Такое чтение непривычно. Поэтому так пессимистичен В.Лукьянин, автор предисловия к книге: “Но если погружение в музыкально-смысловой поток этой необычной прозы с первого раза у вас не получится — отложите книгу не с раздражением, а с уважением: вы встретились с феноменом, понимание которого превышает возможности нашего повседневного читательского опыта”.
Но я призываю нас к мужеству. В конце концов, слово Юлии Кокошко хоть и совершенно, но не абсолютно. И есть в воздушных коридорах ее языка цель, смысл и свет, которые можно и попробовать найти. Важно отбросить самоуверенность — и читать эти тексты не по порядку, а по мере убывания понятности. Начать с трагичной истории “Бывший Мотыльков и те, кто на него смотрит”. Потом — прочесть о блистательном двойнике его, герое рассказа “Любовь к восемьдесят пятому году” (он также опубликован в журнале “Уральская новь”, 2002, N№14). Тут появятся вопросы. Но не убоимся — и примемся за отрывки “Из книги пира” (“Урал”, 2003, N№4). Если перетерпеть путаное вступление — откроется тайна “Забывчивости повторяющейся реки” (“Урал”, 2001, N№8). И, если хватит интеллектуальных сил, завершить чтение стоит полумутным полусном с растворенными в подсознании местом, временем, героем, мотивами и финалом — “Меланхолия. Тема нераскрытого города” (“Урал”, 2002, N№7).
Две темы объединяют эти произведения. Прежде всего — мотив несущегося времени, которое выбрасывает героев из молодых надежд и дружб в позднюю беззащитную разлуку (“Любовь…”, “Бывший Мотыльков…”, “Забывчивость…”). Время как философский атрибут, а не сценический антураж: по мимолетным деталям быта можно догадаться, что дело происходит в советскую эпоху, но это всего лишь случайное пересечение координат. Тема времени задает основной сюжет — необратимость какого-то рокового события, которое изменило ход жизни персонажей, но для нас, читателей, а иногда и для героев, осталось практически неизвестным. Суть не в том, что произошло, а в том, что уж если произошло, то навсегда: “меня шокирует бесповоротность”, “неосмотрительный лейтмотив: но что-то произошло — и… Здесь — уплотнение, невозможность — репродуцировать” (“Забывчивость повторяющейся реки”).
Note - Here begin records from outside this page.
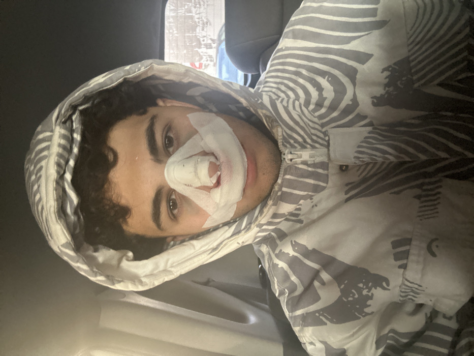The image displays a young male seated within the interior of a vehicle, located within Ash-Shaghour Municipality, Syria. The subject, exhibiting dark, curly hair, is wearing a white and grey patterned hooded jacket with the hood drawn over his head. His nose is visibly covered by a white nasal splint secured with white medical tape, with reddish discoloration, consistent with dried blood, observed around the nostrils and beneath the splint. The individual's eyes are open and directed towards the camera. The immediate background reveals the dark interior elements of the vehicle, including a seat structure. Through a window positioned to the right of the subject, a blurred outdoor urban environment is discernible, featuring indistinct building structures and the partial outline of a blue-grey vehicle.
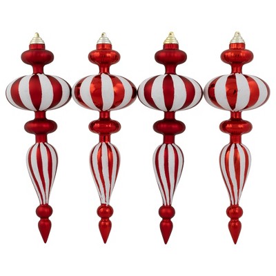 Northlight Shatterproof Commercial Size Finial Christmas Ornaments - 14" - Red and White - Set of 4
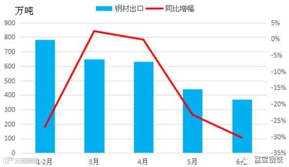 今年上半年我国钢材出口持续下降,尤其5月之后连续两个月出口同比下降23.3%、30.3%,可谓断崖式下滑,这其中主要原因即在于全球疫情严重导致的钢材需求下降,并且,其余国家为保护遭受疫情打击严重的本国钢铁企业,也纷纷打起了反倾销战,对我国钢材出口起到了明显的抑制作用。
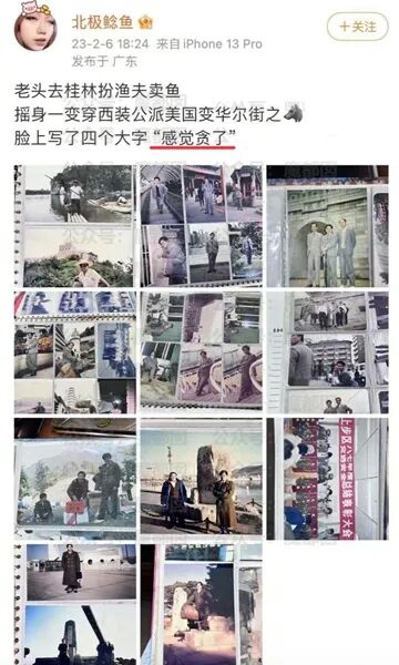 一个月前,“北极鲶鱼”在一组她爷爷的照片集合贴中直言,“老头(她爷爷)脸上写了四个大字‘感觉贪了’”……
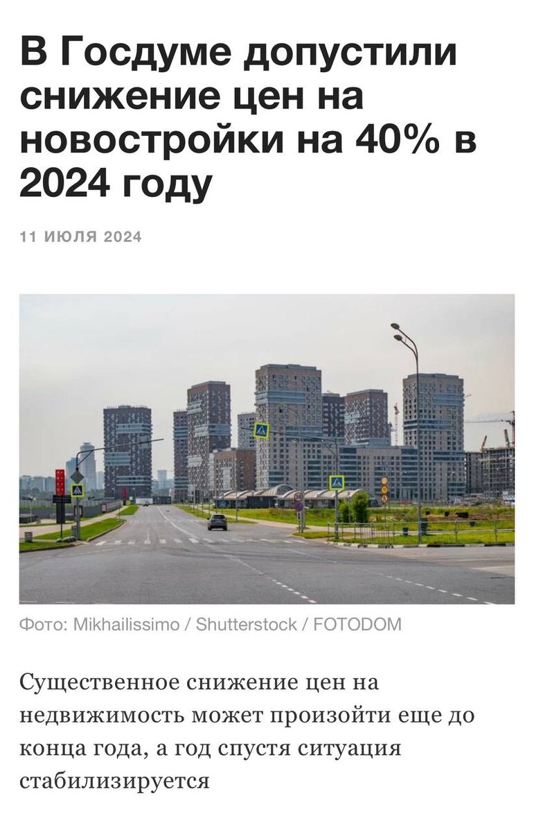 Люблю "экспертов" прогнозистов По мнению "эксперта" - кандидат экономических наук, профессор кафедры рекламы университета «Синергия» Сергей Зайнуллин, в прогнозе "Газете.Ru" . Стоимость однокомнатных квартир в Москве может упасть с 12 до 9-10 миллионов рублей, в Санкт-Петербурге — с 7,5 до 5,5 миллионов рубле. Причинами такого снижения он называет лопнувший пузырь на рынке недвижимости, так и кредитно-денежная политика ЦБ. P.S. Действительно хороший прогноз😁 Цены упадут на треть, на депозитах можно заработать до 20% годовых, то есть недвижимость купим со скидкой 50%. А эксперты из Госдумы, вообще рассчитывают на 40% скидки. В 2024 на 40% "упали", в 2025 ещё на 30%😂 Ё мое. Кто-то видел падение на 70%? В общем, падаем в цене каждый год, по прогнозам "экспертов" P.S.Когда я уже за даром смогу купить недвижимость? Что заставляет цены на жилую недвижимость расти и падать? Все басни непрекращающиеся годами о том, что цены должны упасть "в пол" - они на чем основаны? А на чем основаны суп

Второй мотив, помещающий тексты Ю.Кокошко в общую мировоззренче-скую реальность, — жизнь как творческое созерцание. Отсюда — противопо-ставление истинного творчества (отражение блаженного любования жизнью) и мещанского корыстного самопровоз-глашения ради славы, положения в обществе. Или, шире, конфликт между творчески бесцельным подходом к жизни — и мельтешением вокруг ее благ, суетой сует, погоней за призрачным счастьем быта.
Наиболее ярко и отчетливо обе темы раскрыты в произведениях “Бывший Мотыльков и те, кто на него смотрит” и “Любовь к восемьдесят пятому году”.
Рассказ “Бывший Мотыльков…” как будто сюжетен, но в основе его — совсем мелкое событьице или даже отсутствие такового: дама, “крупнейшая блондинка”, не явилась на свидание к Мотылькову. Этот досадный случай выливается в катастрофу, становясь знаком того, что “мир вдруг остыл к Мотылькову”, “кто-то выплеснул его из блаженного лета”. Ибо было время, когда погоды, девы, улицы, цветы и птицы, сотрудницы и начальство — “все взирало на Мотылькова с гордостью и умилением”. Тайна в том, что люди любили героя совсем не за то, за что высшие силы любили его и даровали ему способность нравиться. А трагедия и ошибка Мотылькова в том, что он уподобился суетному миру вокруг и вовремя не разглядел в себе то особое духовное богатство, за которое был обласкан небесами.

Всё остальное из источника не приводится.